Tailchat is a self-hosted communication & messaging tool that provides noIM application in your own workspace, not only another Slack/Discord/rocket.chat.

Open-source team communication, honestly reviewed. Not another Slack clone — or at least that’s the pitch.

TL;DR

  • What it is: Open-source (Apache-2.0) communication platform with a plugin-first architecture — think Discord-meets-Notion, where the chat room is a canvas you extend with mini-apps [README][3].
  • Who it’s for: Small teams or communities who want a self-hosted workspace they can customize beyond what Discord or Rocket.Chat allow. Also solo founders who want to run a fandom or community without renting space on someone else’s servers [3].
  • Cost savings: Discord is free until you hit Nitro or server boosts. Slack’s paid plans start at $7.25/user/month and become painful fast. Tailchat is $0 in licensing, runs on a modest VPS, and never sends your messages through someone else’s servers [README][1].
  • Key strength: The plugin system is architecturally serious — not bolted-on webhooks, but a frontend microkernel where plugins render as first-class UI panels inside the app [README][3].
  • Key weakness: 3,558 GitHub stars as of this writing is a relatively small community for a tool in this category. Rocket.Chat has 40K+, Mattermost has 30K+. The ecosystem is thinner, third-party reviews are sparse, and the “noIM” concept is more of a vision statement than a fully realized product today [README][1].

What is Tailchat

Tailchat is a self-hosted messaging application built around a concept the developer calls “noIM” — short for “not only IM.” The argument, spelled out in a blog post linked from the official README, is that instant messaging has been artificially limited to just chat when it should be the connective layer for any team workflow [README].
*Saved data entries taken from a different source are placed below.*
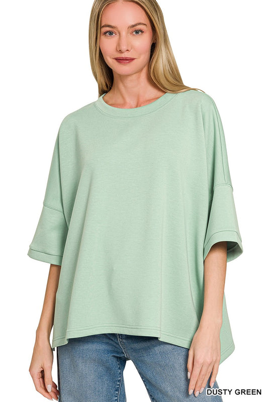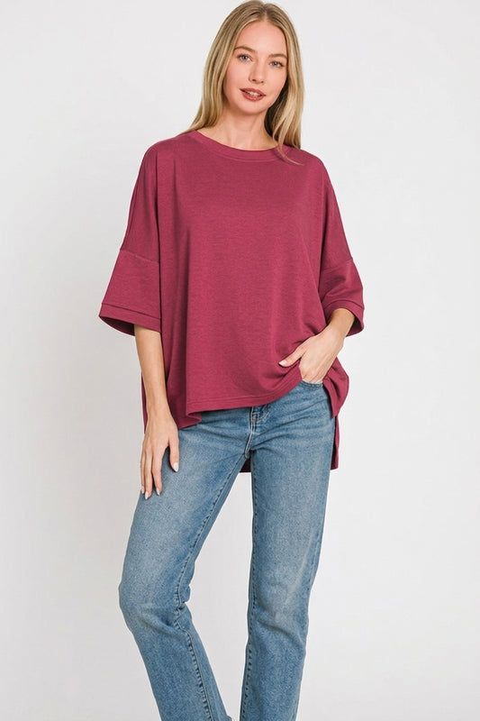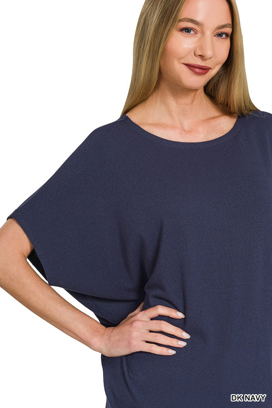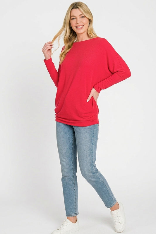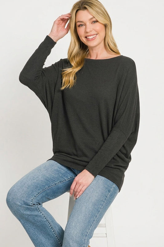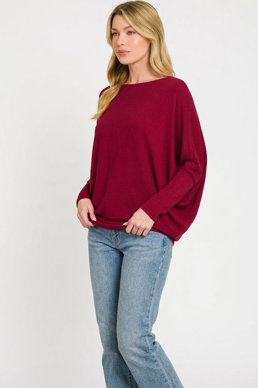 Zenana Hacci Dolman Sleeve Boat Neck Top
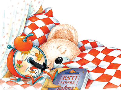 Csak a füle hegye látszott ki a piros és fehér kockák alól. (Megjegyzem, mindig nagy gondot fordított arra, hogy semmi se hibádzzon a téli álom körül!) Az odúnak volt ablaka is, de azon most összehúzták a függönyt – nyilván azért, hogy ne jöjjön be a fény. Az ágy mellett éjjeliszekrény állt, rajta egy mesekönyv (azt olvasgatta hónapokkal ezelőtt Coccolino, aztán belealudt az olvasásba), és még volt ott egy vekker is. Nos, ez a vekker (teljes nevén: Ébresztőóra) valamikor a tél végén elromlott, nem csengetett, nem berregett, meg se nyikkant, egyetlen mukkot sem adott ki magából, úgyhogy Coccolino – akinek a csörgésre rég fel kellett volna ébrednie, mint minden valamirevaló medvének – még mindig mélyen aludt.
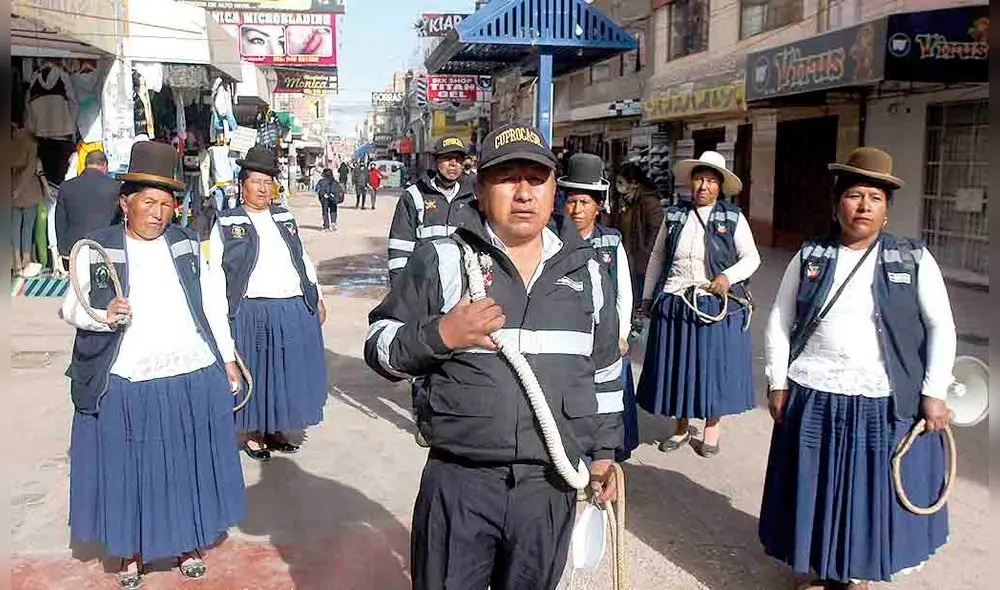 Puno. Orlando Sanga Yampasi, camina chicote en mano, por inmediaciones del mercado Tupac Amaru de Juliaca. En su condición de presidente de las Rondas Urbanas de San Román, es el responsable de que las cosas que no salgan de control al momento de hacerle frente a la delincuencia. Lo acompañan en su tarea varias mujeres que cumplen una función importante. Debido a su género ponen equilibrio.
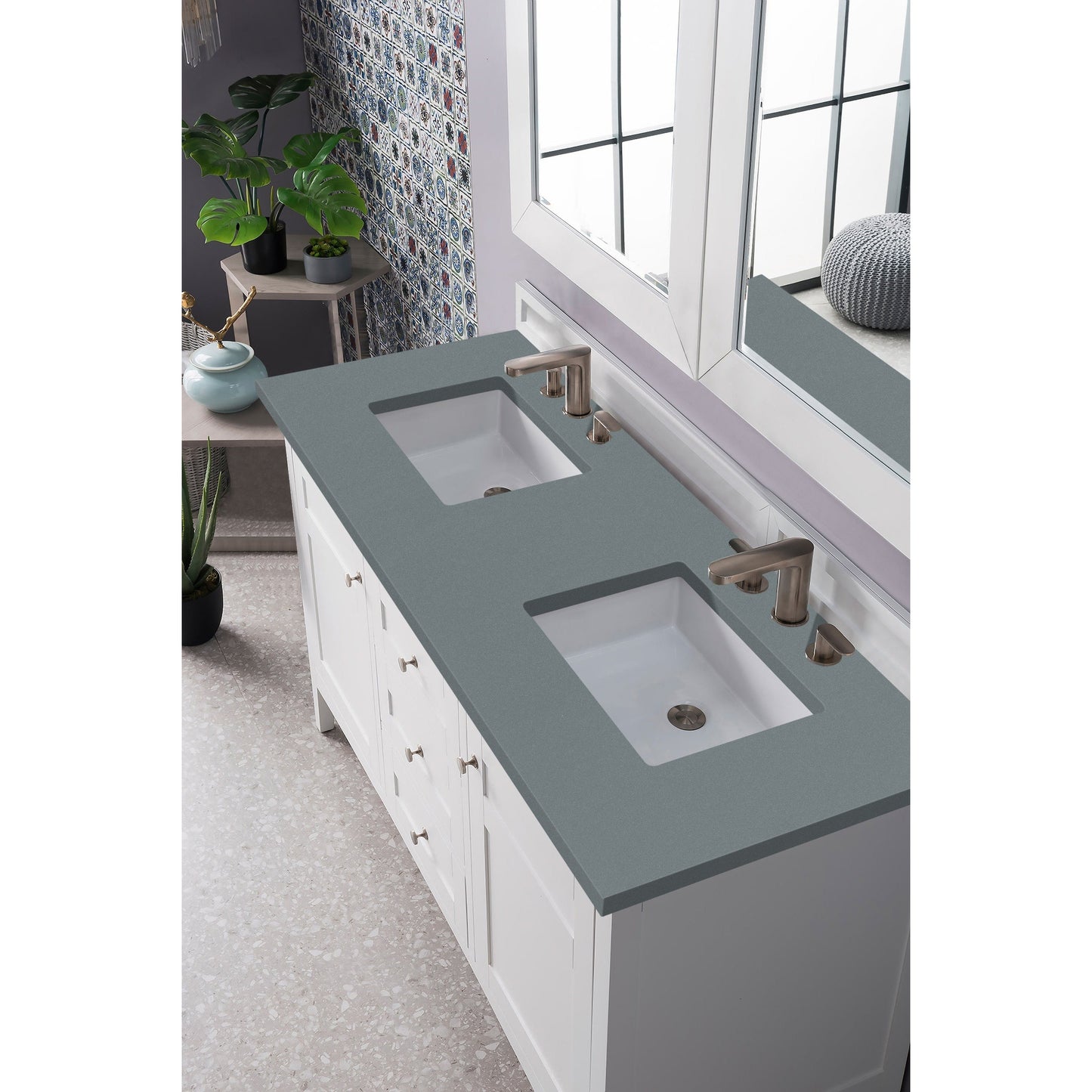James Martin Vanities Palisades 60" Bright White Double Vanity With 3cm Cala Blue Quartz Top
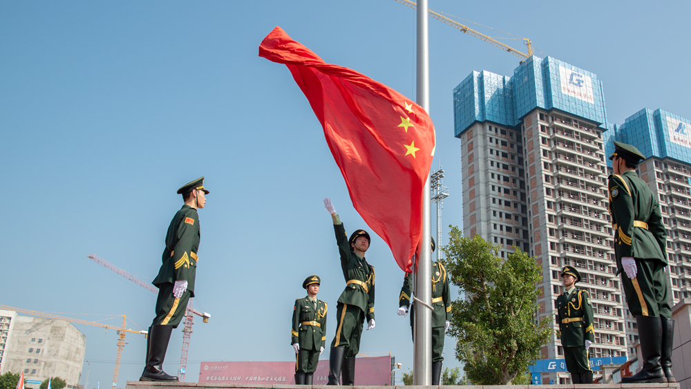 在雄壮的《义勇军进行曲》中,五星红旗冉冉升起,迎风飘扬。全体师生行注目礼,高唱国歌,爱国情怀在每个人心中激荡。
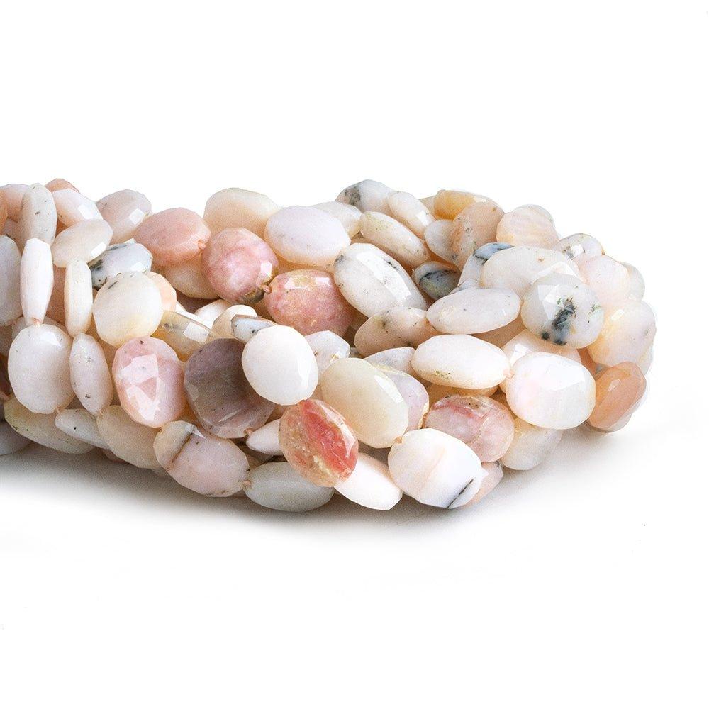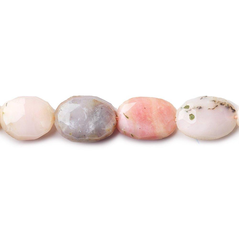 Beads average about 13x9mm. These beautiful and sizable faceted ovals show off a full range of light Pink Peruvian Opal colors, from creamy and off-white to rich pink tones. In addition, our specially curated ovals feature some of the unique textures and patterns familiar to fans of this gemstone favorite. Plan your next big jewelry design around the wonders of Pink Peruvian Oval, perfect for necklaces, earrings and more.
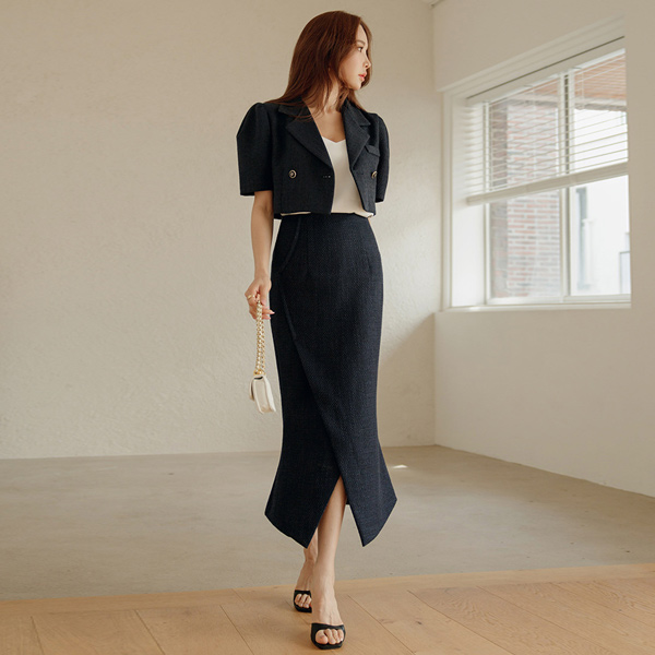 双 扣子 泡泡袖 袖 短 粗呢 夹克
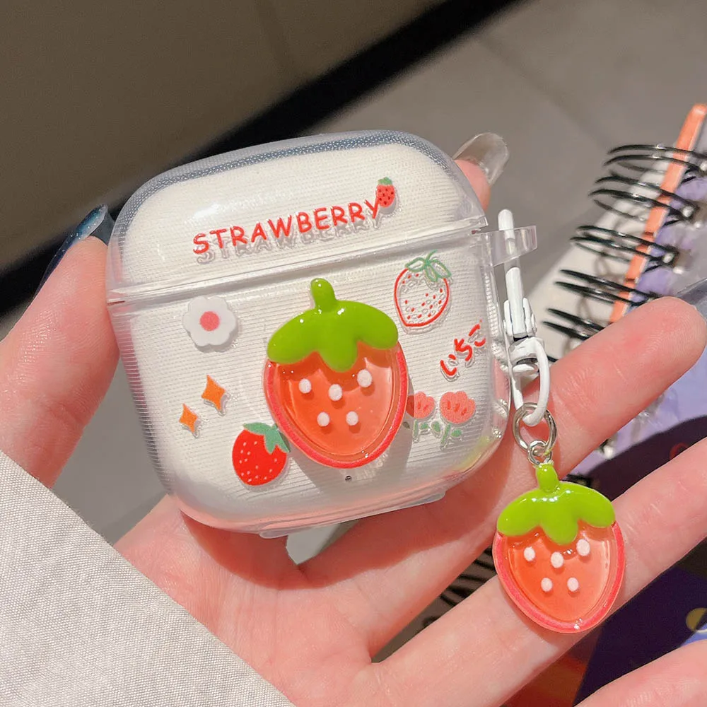 Para Huawei FreeBuds 5 5i 6i 4 SE 2 SE2 funda 3D flores de sandía transparente dibujos animados auriculares caja de carga accesorios cubierta colgante
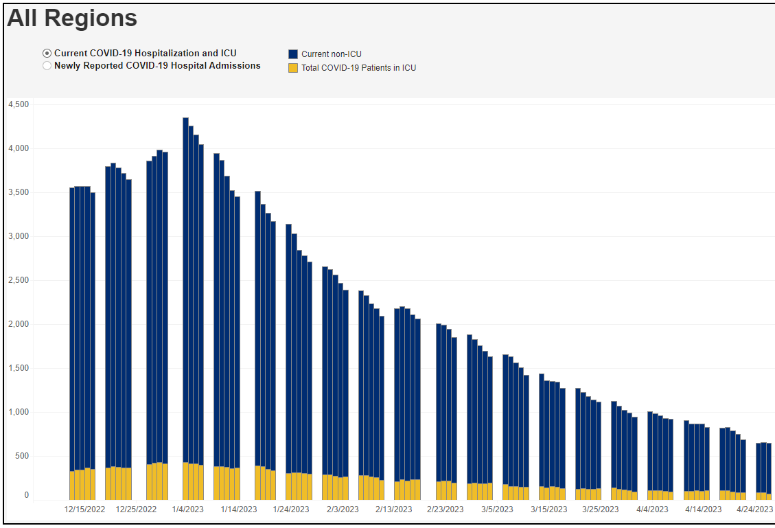 And this too, is objectively good news. New York state hasn’t had fewer than 100 patients in the ICU since July 2021. This is a near record low. But it’s accurate and relevant to point out that before the pandemic, if we saw 72 patients in state ICUs with Influenza in April, we would say that this is a harsh flu season.
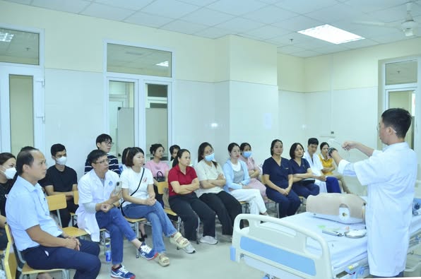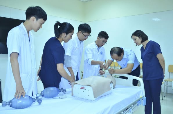 Thông qua phương pháp đào tạo kết hợp giữa lý thuyết và thực hành, các học viên đã được trực tiếp tham gia thực hành trên mô hình, được hướng dẫn bởi các giảng viên giàu kinh nghiệm. Điều này giúp nhân viên y tế không chỉ tiếp thu kiến thức mà còn ứng dụng ngay trong tình huống thực tế, tăng khả năng phản ứng nhanh và chính xác khi cấp cứu bệnh nhân.
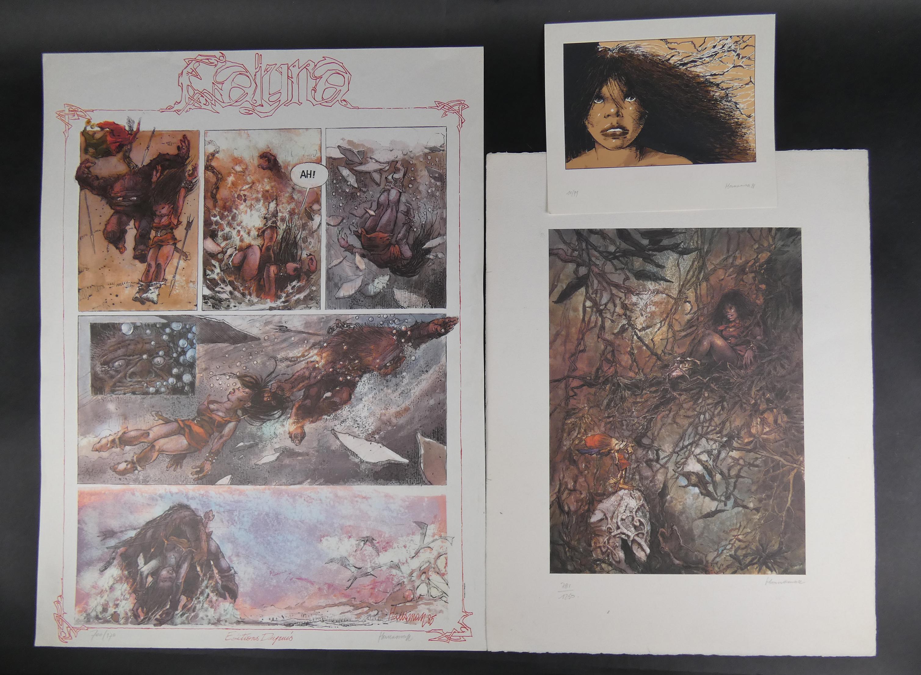 BD Estampe: signée *HAUSMAN R.* (René) (1936, 2016) (3pcs): sérigraphie 12/99 25x30cm + 2 Offset Laïyna Numérotés 65x50 et 80x60cm
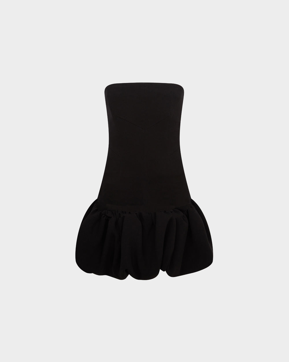The Garance Mini Dress is a refined party silhouette crafted from textured sequin fabric with a soft, luminous finish. Strapless and form-fitting through the bodice, it flares into a sculptural bubble peplum skirt, bringing a playful yet elevated twist to classic eveningwear.
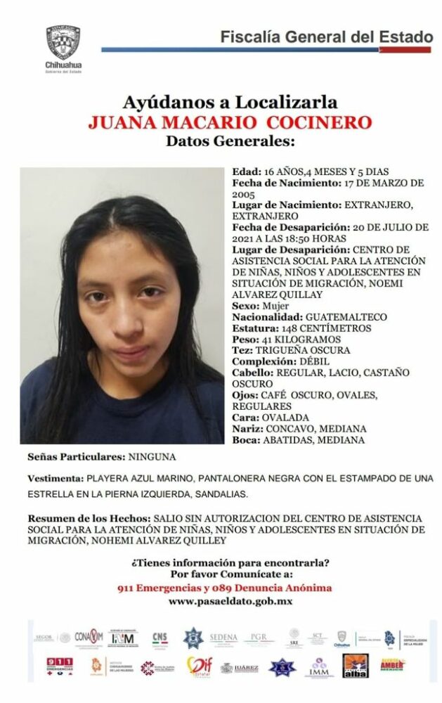 Juana Alicia y Daniela Alejandra tienen 17 años; Yajaira, Juana Macario, Elizabeth y Juana Marleny, 16; Maricela, 15 y Elsa, 14 años. Todas son migrantes no acompañadas reportadas como desaparecidas por los albergues donde se encontraban resguardadas y bajo la custodia del Estado en Ciudad Juárez.
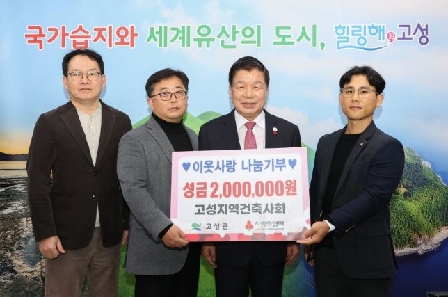(포탈뉴스통신) 고성군은 대한건축사협회 고성지역건축사회(회장 신재규)가 12월 24일 고성군을 방문하여 관내 저소득계층에 전달해 달라며, 이웃돕기 성금 200만 원을 기탁했다.
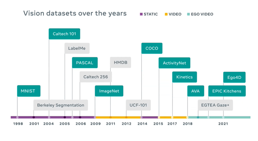AI開発でオブジェクトの形状を把握するコンピュータビジョンが急成長しているが、アルゴリズムを教育するためのデータセットが技術進化を支えている(下の写真)。AI開発の初期には手書き文字を判読するためのデータセット「MNIST」が開発された。コンピュータビジョンが急速に進化したのは、イメージのデータセット「ImageNet」の存在が大きい。ここには大量の写真とタグが格納され、これによりAIが人間の視覚を上回った。これらはすべて第三者視点のデータセットで、Ego4Dが第一者視点の最初のデータセットとなる。
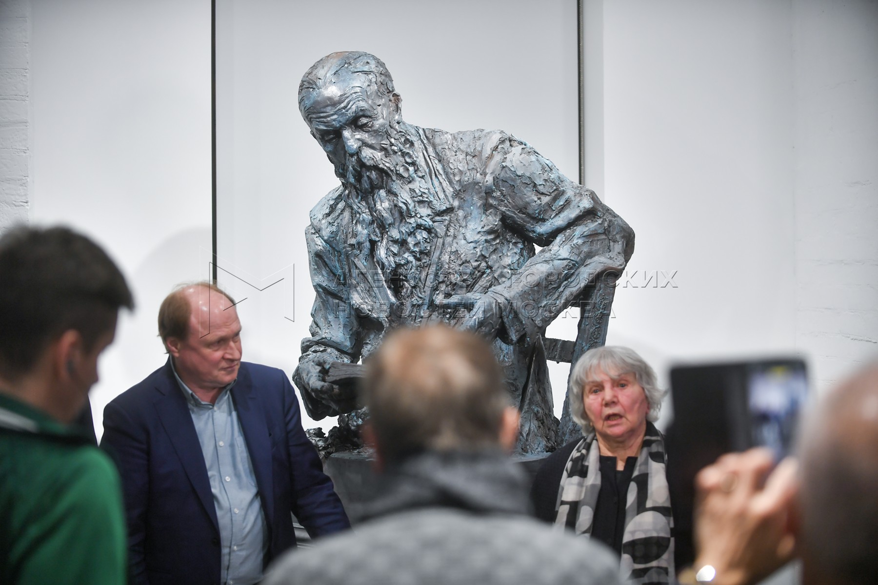 Автор скульптуры, академик РАХ Айдын Зейналови и вдова Н.Толстого, лингвист, докт...
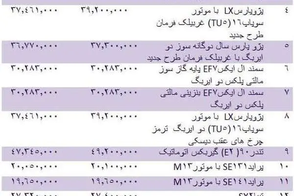 قیمت روز انواع خودروهای داخلی
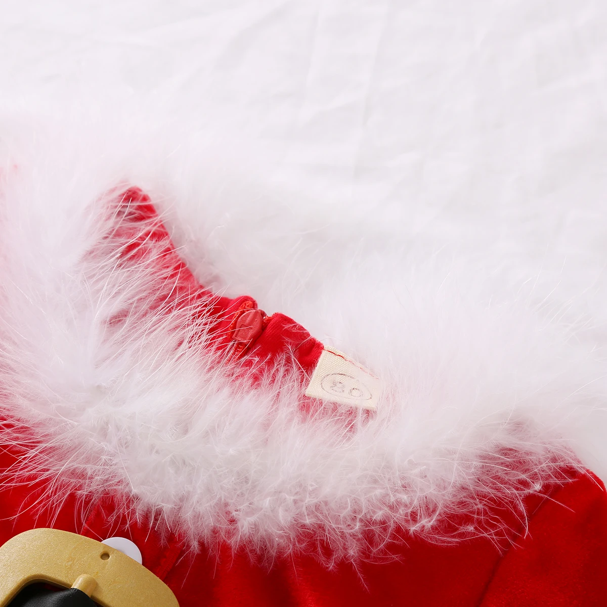 Детские Рождественские нарядыФлисовая красная юбка с длинными рукавами и круглым вырезом и высокой талией с молнией сзади для маленьких девочекТакая милая одежда для празднования Рождества вашего ребенка!

In practice this means: you get Discord-style group spaces with channels, but the channels aren’t just text rooms. Through the plugin system, a “panel” inside a group can be a web embed, a kanban board, a GitHub activity feed, a music player, or anything a developer writes as a Tailchat plugin. The README describes this as “a highly customized application platform for individuals/teams centered on IM, with third-party applications as enhanced functions, and a plugin system as the glue connection layer” [README].

The tech stack is React + TypeScript on the frontend with a microkernel architecture (built on a library called mini-star), and a Node.js microservice backend using Moleculer. That combination is designed to handle clustering and horizontal scaling — the README explicitly says the backend is “ready for large-scale deployment” [README]. Whether you need that is a separate question, but it means the architecture isn’t an afterthought that will collapse when you add fifty users.

As of v1.11.7, Tailchat ships with: real-time messaging across multiple groups and panels, mobile and desktop clients (alongside web), RBAC role management with fine-grained permission points, an AI assistant powered by ChatGPT for summarizing messages and improving phrasing, bot and webhook integration via a simple HTTP API, and a plugin marketplace that includes things like end-to-end encryption, rich text editing, online drawing, and third-party notification forwarding [README][website].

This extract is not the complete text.